NoteNextra-origin/content/Math4121/Math4121_L8.md

Math4121 Lecture 8

Continue on Riemann-Stieltjes Integral

Integrable Functions

Theorem 6.9

If f is monotonic (increasing) on [a, b] and \alpha is continuous on [a, b], then f\in \mathscr{R}(\alpha) on [a, b].

Proof:

Given a partition P = \{a = x_0, x_1, \cdots, x_n = b\}, we have

M_i = \sup_{x\in [x_{i-i}, x_i]} f(x)\leq f(x_{i})

m_i = \inf_{x\in [x_{i-1}, x_i]} f(x)\geq f(x_{i-1})

So,

\begin{aligned}
U(P,f,\alpha) - L(P,f,\alpha) &= \sum_{i=1}^{n} (M_i - m_i)\Delta \alpha_i \\
&\leq \sum_{i=1}^{n} \left[ f(x_i) - f(x_{i-1}) \right] \left[ \alpha(x_i) - \alpha(x_{i-1}) \right] \\

&\leq \sum_{i=1}^{n} \left[ f(x_i) - f(x_{i-1}) \right](\sup_{x\in [x_{i-1}, x_i]} \alpha(x) - \inf_{x\in [x_{i-1}, x_i]} \alpha(x)) \\
&=U(P,\alpha,f) - L(P,\alpha,f)
\end{aligned}

By Theorem 6.8, \alpha\in \mathscr{R}(f), so for any \epsilon > 0, there exists a partition P such that

U(P,\alpha,f) - L(P,\alpha,f) < \epsilon

Therefore, U(P,f,\alpha) - L(P,f,\alpha)<U(P,\alpha,f) - L(P,\alpha,f) < \epsilon, so f\in \mathscr{R}(\alpha) on [a, b].

QED

Theorem 6.10

Suppose f is bounded on [a, b] and has finitely many points \{y_1, y_2, \cdots, y_J\} of discontinuity, and \alpha is continuous on [a, b]. Then f\in \mathscr{R}(\alpha) on [a, b].

Proof:

Since f is bounded, there exists a M>0 such that |f(x)|\leq M for all x\in [a, b].

Let \epsilon > 0. Since \alpha is continuous on [a, b], we can find some intervals [u_j,v_j]\subset (a,b) and y_j\in [u_j,v_j] and |\alpha(u_j) - \alpha(v_j)| < \epsilon for all j=1,2,\cdots,J.

Set K=[a,b]\setminus \bigcup_{j=1}^{J}(u_j,v_j). Since K is compact, f is uniformly continuous on K. Hence, there exists a \delta > 0 such that for any s,t\in K and |s-t|<\delta, we have |f(s)-f(t)|<\epsilon.

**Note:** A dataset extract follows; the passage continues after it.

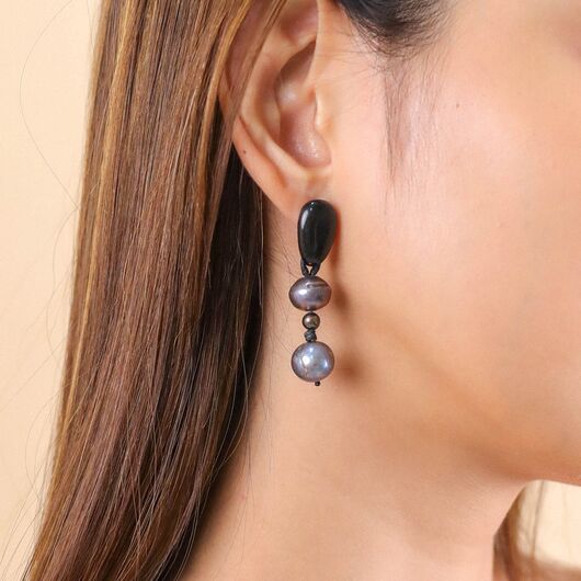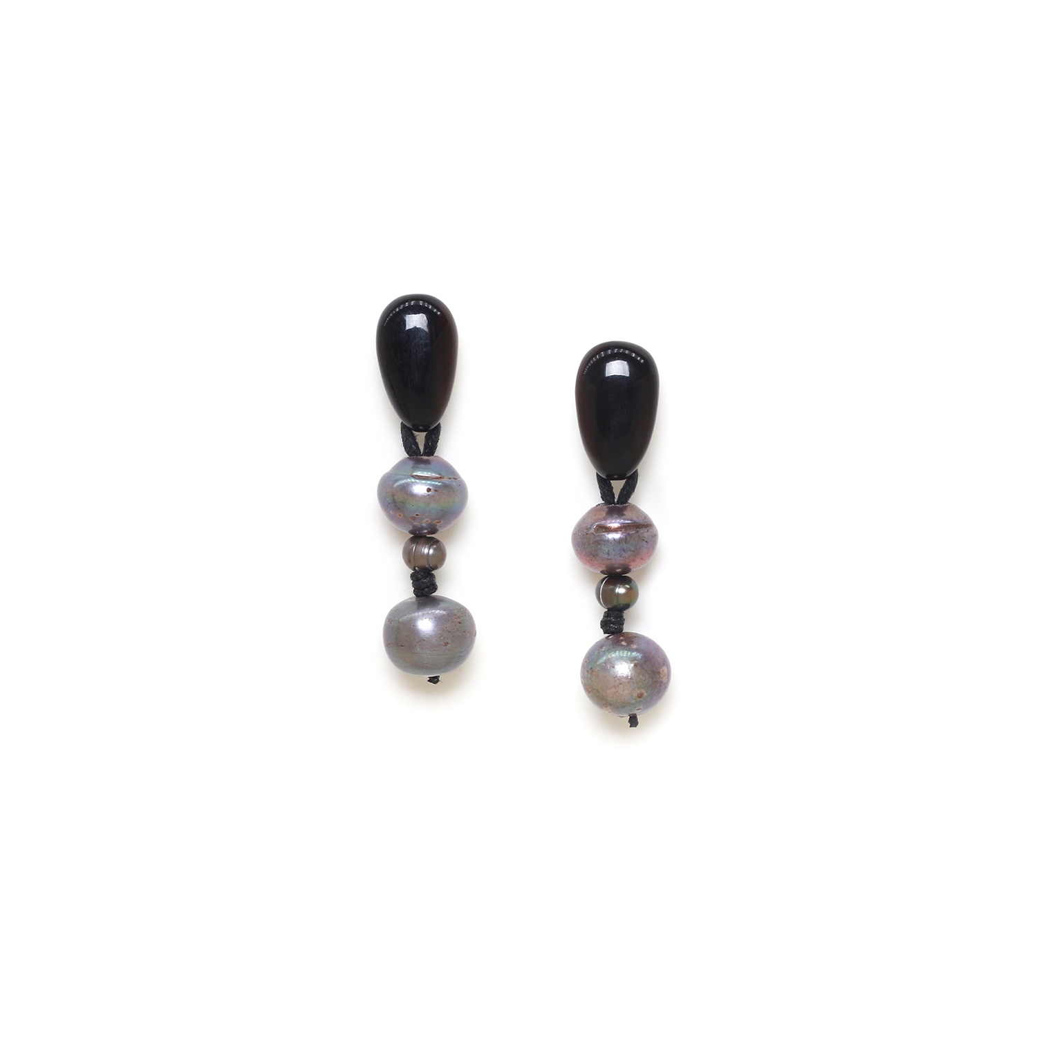 ფრანგული ბრენდი Nature Bijoux ს ხელნაკეთი საყურე, კოლექციიდან BLUE PEARL. სამკაულის ბაზად გამოყენებულია თითბერი, კოლექციაში გამოყენებული ნატურალური მასალები და ქვები: სადაფი, რქა, ტყავი, მარგალიტი.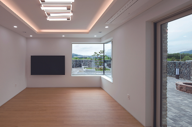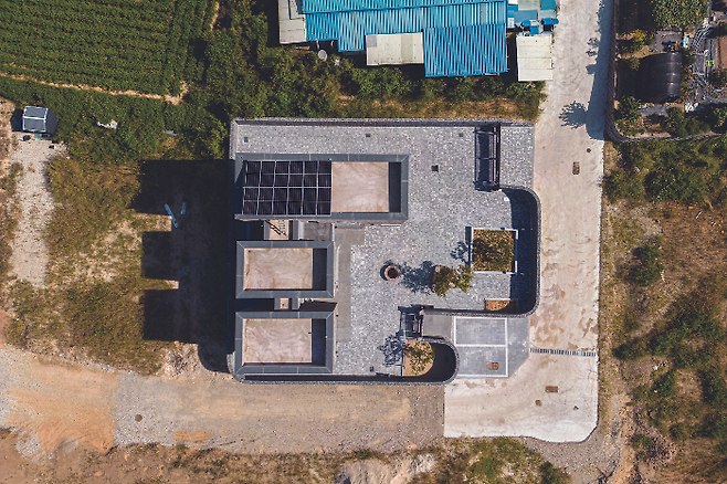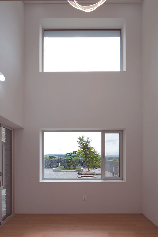 그리고 옹벽 위로 넓은 마당과 건물이 앉혀지는 만큼 마당을 최대한 확보하기 위해 건물을 후면에 배치했다.

Let P=\{x_0,x_1,\cdots,x_n=b\} containing all the points u_j,v_j,\forall j=1,2,\cdots,J and \Delta x_i<\delta,\forall x_i\notin \{u_j,v_j,\forall j=1,2,\cdots,J\}.

Then,

If x_i=u_j for some j=1,2,\cdots,J, then M_i-m_i\leq M:=2\sup|f_x|. But \Delta \alpha_i\leq \epsilon for all i=1,2,\cdots,n.

If x_i\neq u_j for all j=1,2,\cdots,J, then by uniform continuity of f on K, we have M_i-m_i\leq \epsilon.

In either case, we have

\begin{aligned}
U(P,f,\alpha) - L(P,f,\alpha) &= \sum_{i=1}^{n} (M_i - m_i)\Delta \alpha_i \\
&\leq J M\epsilon + \sum_{i=1}^{n} \epsilon \Delta \alpha_i \\
&= \epsilon(J M + \sum_{i=1}^{n} \Delta \alpha_i)
\end{aligned}

Since \epsilon is arbitrary, we have U(P,f,\alpha) - L(P,f,\alpha) < \epsilon.

Therefore, f\in \mathscr{R}(\alpha) on [a, b].

QED

Theorem 6.11

Suppose f\in \mathscr{R}(\alpha) on [a, b], m\leq f(x)\leq M for all x\in [a, b], and \phi is continuous on [m, M], and let h(x)=\phi(f(x)) on [a, b]. Then h\in \mathscr{R}(\alpha) on [a, b].